La historia de Javier Sanz Viticultor también es la historia de una transformación física: de la bodega tradicional de pueblo a un proyecto más ambicioso, pensado para:

  • trabajar mejor el vino,
  • recibir a visitantes,
  • y contar la historia con espacios a la altura.

Hoy la bodega cuenta con:

  • Una nueva bodega en La Seca, moderna y eficiente, donde se elaboran y se crían vinos de calidad en depósitos y barricas cuidadosamente seleccionados, con vistas a un auténtico mar de viñedo.
  • Un gran espacio social para catas, cenas y eventos de empresa, donde se pueden catar in situ las variedades recuperadas y ver de cerca el trabajo en el campo.

  • Y, como emblema enoturístico, la iglesia de la Orden Tercera, un templo del siglo XVIII completamente rehabilitado por Javier Sanz y convertido en un espacio de eventos único en la provincia de Valladolid: bodas, conciertos, catas y experiencias enológicas singulares.

Ese salto no rompe con la historia; la amplifica. La vieja bodega deja paso a instalaciones que permiten hacer mejores vinos, pero el centro de gravedad sigue siendo el mismo: el viñedo y la familia.
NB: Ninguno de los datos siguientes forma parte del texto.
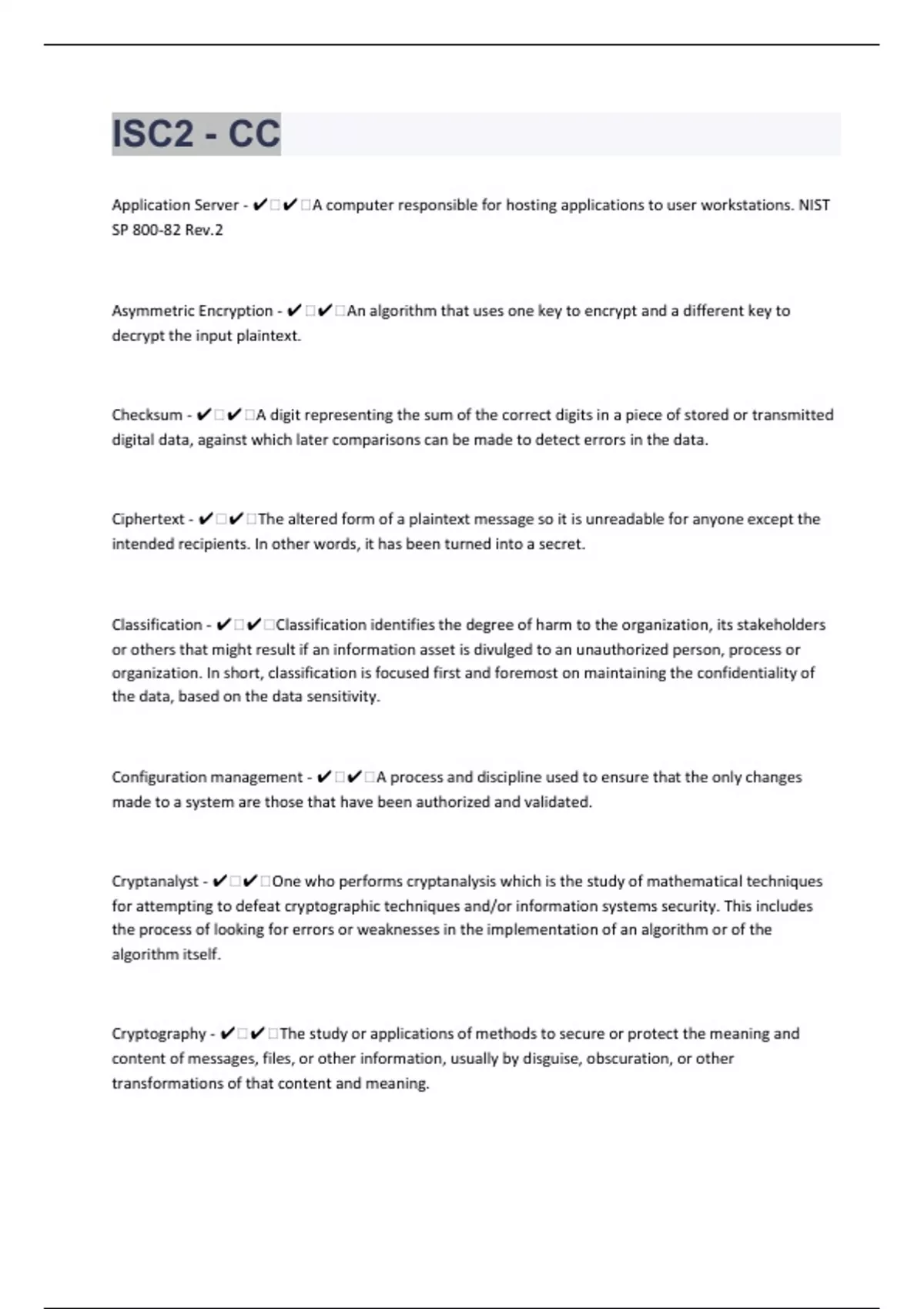 Application Server - ️️A computer responsible for hosting applications to user workstations. NIST SP 800-82 Rev.2 Asymmetric Encryption - ️️An algorithm that uses one key to encrypt and a different key to decrypt the input plaintext. Checksum - ️️A digit representing the sum of the correct digits in a piece of stored or transmitted digital data, against which later comparisons can be made to detect errors in the data. Ciphertext - ️️The altered form of a plaintext message so it is unreadable for anyone except the intended recipients. In other words, it has been turned into a secret. Classification - ️️Classification identifies the degree of harm to the organization, its stakeholders or others that might result if an information asset is divulged to an unauthorized person, process or organization. In short, classification is focused first and foremost on maintaining the confidentiality of the data, based on the data sensitivity. Configuration management - ️️A process and discipline used to ensure that the only changes made to a system are those that have been authorized and validated. Cryptanalyst - ️️One who performs cryptanalysis which is the study of mathematical techniques for attempting to defeat cryptographic techniques and/or information systems security. This includes the process of looking for errors or weaknesses in the implementation of an algorithm or of the algorithm itself. Cryptography - ️️The study or applications of methods to secure or protect the meaning and content of messages, files, or other information, usually by disguise, obscuration, or other transformations of that content and meaning.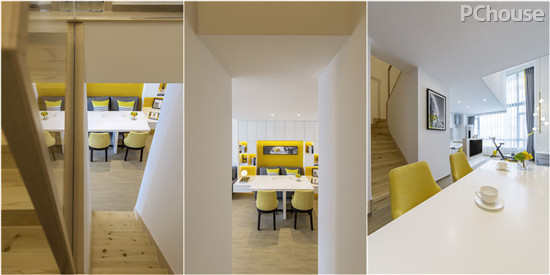 餐厅的背面是转向二层的楼梯,从楼梯间往下看,又能窥视餐厅的明亮色彩,空间转承一气呵成。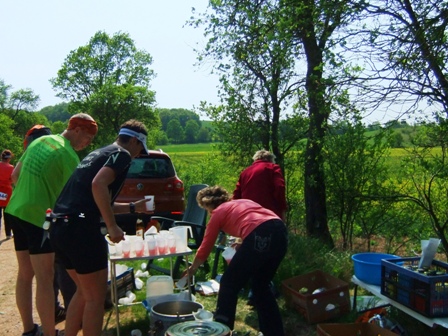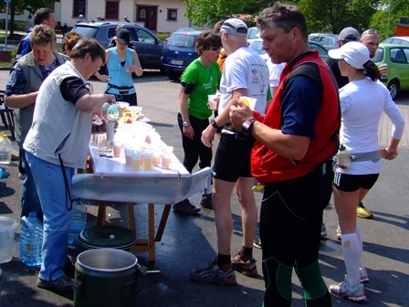 ...am allerletzten Verpflegungspunkt/Getränke ("noch 4km")... |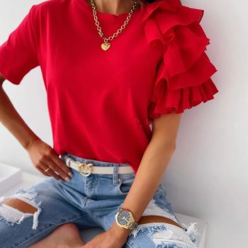 New York’s Fashion Women Summer Ruffles Short Sleeve Loose T Shirt Chic Elegant Solid O Neck Tops Casual Simple All Match Tee Streetwear Blouse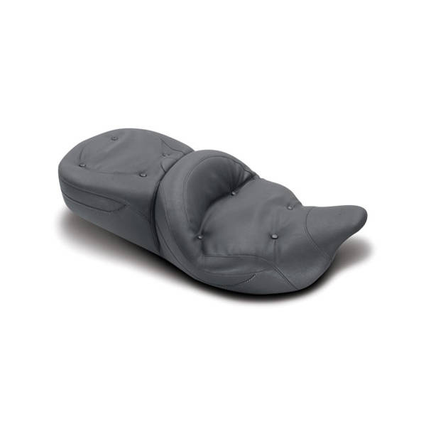 Black. Front width 19", rear width 14". A classic pillow seat upholstery, hand-tied buttons and extra padding for the true upholstered pillow top look. One-piece 2-up seat with an extremely comfortable and wide rider's bucket, with an 1.75" further backwards seating position (compared to the stock Electra Glide position), and a likewise generous passenger seating area. This one is the ultimate Mustang for some serious PowerTouring and could very well be your choice when entering the Iron Butt. Seats will fit with a handrail. Note 1: Not compatibe with H-D or regular Mustang backrest kits. They can, however, be equipped with the separetely available Mustang backrest 537512 (Smooth) or 537513 (Regal) backrest pad & post, which will fit the built-in receiver.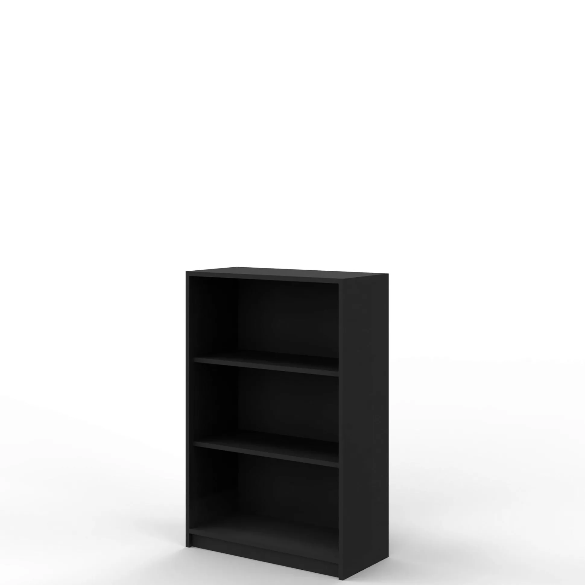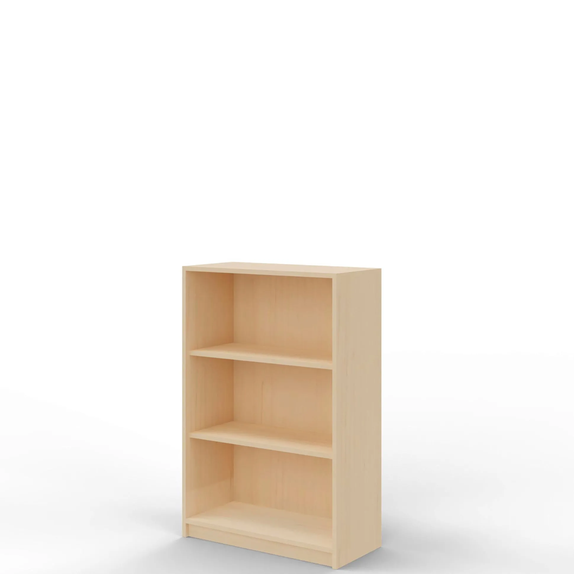 Den viste reol fås i flere farver og er lavet i enten slidstæk decor laminat eller naturligt træfinér. Den er 3 rum høj og med integreret sokkel.

Pocas botellas, muchos detalles: por qué la producción es limitada

Otra constante en la historia de la bodega es la decisión de no crecer a cualquier precio.

Aunque la demanda de vinos de Rueda ha aumentado, Javier Sanz Viticultor ha optado por:

  • Mantener volúmenes ajustados a la capacidad real del viñedo propio.
  • Trabajar con rendimientos bajos, especialmente en viñas viejas y parcelas singulares.
  • Priorizar la calidad frente a la cantidad, incluso si eso implica sacar menos botellas de las que el mercado pediría.

Por eso, muchas referencias —sobre todo las de Colección V— son vinos de tiradas muy cortas, numeradas, que aparecen en cartas de restaurantes de alto nivel y tiendas especializadas donde se valora este tipo de trabajo.

No es una pose, es la consecuencia lógica de cuidar viñas prefiloxéricas, variedades minoritarias y elaboraciones que requieren tiempo, mano de obra y mucha paciencia.

De los viñedos de La Seca a los mejores restaurantes

Que una bodega siga siendo familiar no significa que juegue en pequeño. Los vinos de Javier Sanz Viticultor han ido encontrando su sitio en:

  • Cartas de los mejores restaurantes de España, donde sumilleres y jefes de sala buscan historias auténticas y vinos que se salgan de lo habitual.
  • Vinotecas y tiendas especializadas que apuestan por verdejos de verdad, con identidad de origen, y por proyectos que recuperan uvas casi olvidadas.

La ecuación es sencilla, una bodega pequeña en volumen, muy seria en el viñedo, y con vinos que ofrecen algo que no se puede improvisar ni copiar.

Enoturismo: visitar la bodega para entender la historia

La historia de la bodega no solo se cuenta en papel: se vive.
Hoy, quien visita Javier Sanz Viticultor puede:

  • Recorrer los viñedos de La Seca, con especial atención a parcelas como Finca Saltamontes.
  • Probar en copa los vinos elaborados con variedades autóctonas recuperadas y cepas centenarias.
  • Disfrutar de catas y eventos en la bodega nueva y en la iglesia Orden Tercera, descubriendo cómo la arquitectura histórica y el vino se dan la mano.

Es una forma de cerrar el círculo: entender que detrás de cada botella hay paisaje, decisiones, riesgos y una familia que ha decidido seguir apostando por su pueblo y por su tierra.

Una bodega pequeña con una historia grande

Si tuviéramos que resumir la historia de Bodega Javier Sanz Viticultor en una sola idea, sería esta:

Una bodega pequeña en producción, grande en raíces.

Cinco generaciones de viticultores en La Seca, un viñedo prefiloxérico de 1863 que sigue dando vida a grandes vinos blancos, variedades autóctonas casi olvidadas que vuelven a hablar a través de Malcorta, Cenicienta o Dulce de Invierno, una iglesia del siglo XVIII convertida en templo del vino y una presencia cada vez mayor en las mesas donde el vino se toma en serio.

Lo que empezó siendo el trabajo de una familia en el campo es hoy una de las bodegas de referencia en Rueda para quienes buscan vinos de calidad, únicos y realmente buenos. Es una historia que todavía se está escribiendo, vendimia a vendimia.